Overtime: The NET rankings makes the NCAA look silly

The Kansas bench celebrates during a game this season. The Jayhawks are currently 10th in the NET rankings. Photo by Denny Ledley/USA Today.

JOSH MULLENIX | STAFF REPORTER | jmulleni@butler.edu

As of Dec. 1, the Kansas Jayhawks had two wins against AP top 10 teams: Michigan State and Tennessee. They’ve also beaten Marquette, who was picked to finish second in the Big East this season.

Meanwhile, the Belmont Bruins were 6-0 with their best win coming against Lipscomb. As a result, the Jayhawks were ranked No. 2 in the AP top 25 while the Bruins are unranked. Seems logical.

But there is a ranking system that ranked the Bruins ahead of Kansas.

I know what you’re thinking. It’s probably one of those rankings on an obscure site created by someone who doesn’t know what they’re talking about. Nope. It’s the NCAA Evaluation Tool, or NET rankings, that had the Bruins ranked ninth and the Jayhawks 14th.

I have nothing against Belmont. They are clearly the best team in the Ohio Valley Conference and have maybe the best player in the league in Dylan Windler. If you asked me to decide whether or not they’d be in the NCAA Tournament come March, I’d probably say yes. But they shouldn’t be ninth in any national ranking.

The NET rankings are college basketball’s newest ranking system and are going to replace RPI. The RPI, or rating percentage index, is used to rank teams based on the quality of wins and losses and strength of schedule. Moving forward the NET will be the main measuring stick in deciding which teams will make up the tournament field come March, hence the name, “NCAA Evaluation Tool”.

According to the NCAA, the rankings rely on game results, strength of schedule, game location, scoring margin, net offensive and defensive efficiency, and the quality of wins and losses.

I have a fundamental problem with this. It’s not logical to have a ranking system that produces these results, especially when these rankings are used to determine NCAA tournament fields.

Even as the rankings continue to collect more data and the system begins to work itself out. Through games on Dec. 3, Utah State is ranked 18th on this list, Radford is 29th and San Francisco is ahead of them at 26th. Where this really becomes a problem is in the NCAA’s quadrant system.

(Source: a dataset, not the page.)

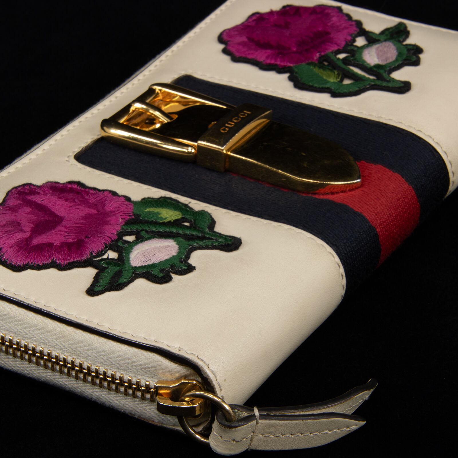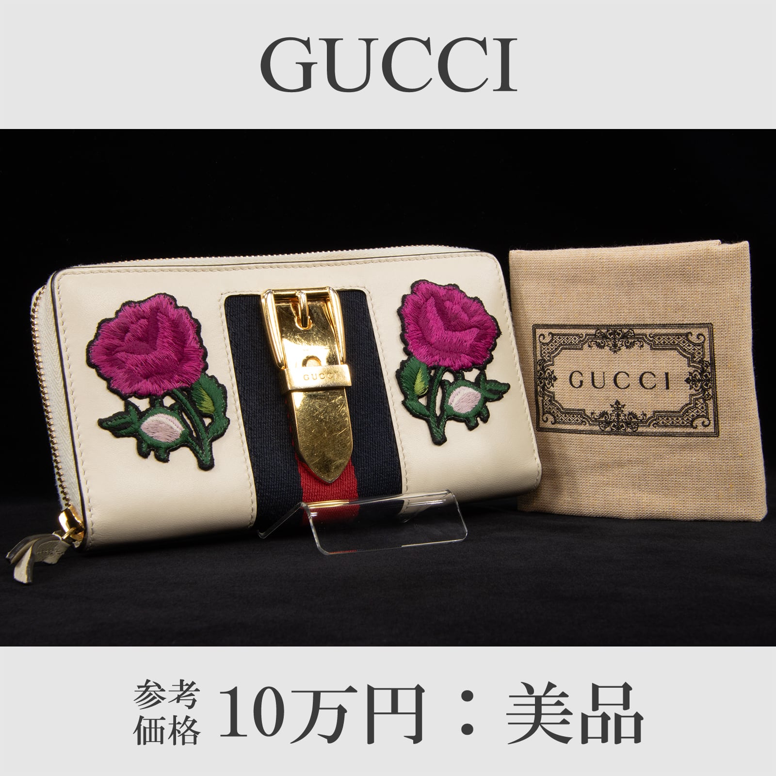 【本物・送料無料・美品】グッチ・長財布・ラウンドファスナー(シルヴィ エンブロイダリー・綺麗・レア・白・薔薇・ローズ・T010)

The quadrant system was implemented last season to group teams into categories to determine quality of wins. It’s considered a good addition. But now quadrants are based on the NET rankings. A quadrant one win, the best kind of win you can get, is defined as a home win against a team ranked between 1-30 on the NET rankings, a neutral court win against a team ranked 1-50 and a road win against a team within 1-75.

This is essentially how the NCAA selection committee determines how good your wins are. It worked fairly well last year. But as of Dec. 3, beating the aforementioned Utah State and Radford on your home court counts as a quadrant one win. But if I were to beat Villanova, Marquette, or Florida State on my home floor tonight, it would count as a quadrant two win.

In no universe should I get more props for beating Radford on my home floor than beating Jay Wright’s Villanova. But according to the NET Rankings, that’s the case right now.

Hopefully everything will work itself out as the season progresses. And I understand these rankings will more than likely look the way they are supposed to by the time it matters. I’m just not sure how these rankings could ever produce these results.

I can’t comprehend why we need another ranking system. It is not that hard to pick 68 of the best resumes at the end of a college basketball season.

What are we trying to achieve? What was missing in the way the tournament field was selected every season? Between top 25 teams and the fact that 32 teams get an automatic bid, I could easily give you 50 teams that should make the Big Dance. In other words, no team that has a real shot to win a national championship is being left out.

If nothing else, the NCAA should have waited until the rankings made sense to avoid the backlash they have gotten from coaches and the media. We just don’t need these rankings yet. They aren’t publicly advertised anywhere like the AP poll is, so why is the NCAA in such a rush to publish them?

All the NET rankings do is invite unnecessary criticism. Putting it out now does nothing but expose its early-season inaccuracies, just like any other poll driven by data. When it does work itself out, chances are it won’t look all that different from the RPI anyway. Change for change’s sake, which is all the NET rankings are, doesn’t achieve anything.